At least 12 governments have banned Chinese dairy products or stepped up quality-testing, as China struggles to cope with its tainted-milk scandal.

Indonesia released a list Wednesday of nearly 30 Chinese-made products it says could be contaminated, including such well-known U.S.-created brands as Oreo cookies, M&M chocolates and Snickers chocolate-covered peanut bars.

New Zealand authorities say they found the chemical melamine in a Chinese-made candy known as White Rabbit, prompting the British Tesco supermarket chain to pull the candies from the shelves.

But a spokesman for the World Health Organization said on Tuesday that there have been no reports outside China and Hong Kong of infants getting sick from Chinese milk products.

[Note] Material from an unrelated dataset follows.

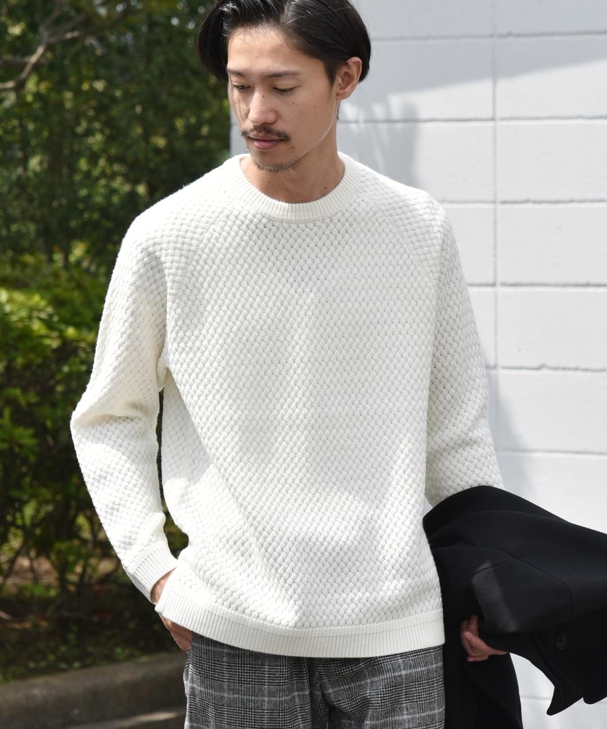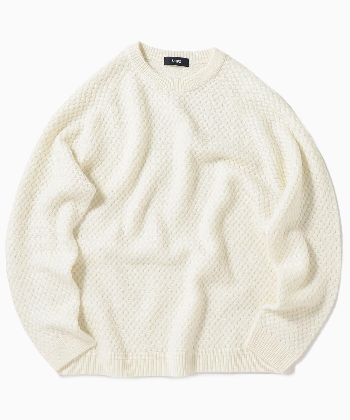SHIPS: 7ゲージ バスケット ピケ クルーネック ニット

China has promised to reform its quality control measures after it was revealed this month that thousands of Chinese babies were suffering kidney ailments after drinking baby formula contaminated with melamine.

The Chinese agriculture minister on Tuesday blamed so-called "milk stations," which collect milk from local farmers, for adding the substance to poor-quality milk to raise its protein content.

Chinese investigators say dairy giant Sanlu knew its products posed a health risk as long ago as December 2007, but waited until last month to report the problem.

Milk contaminated with melamine has sickened 53,000 children in China and killed four. Nearly 13,000 children remain hospitalized, 104 of them in critical condition.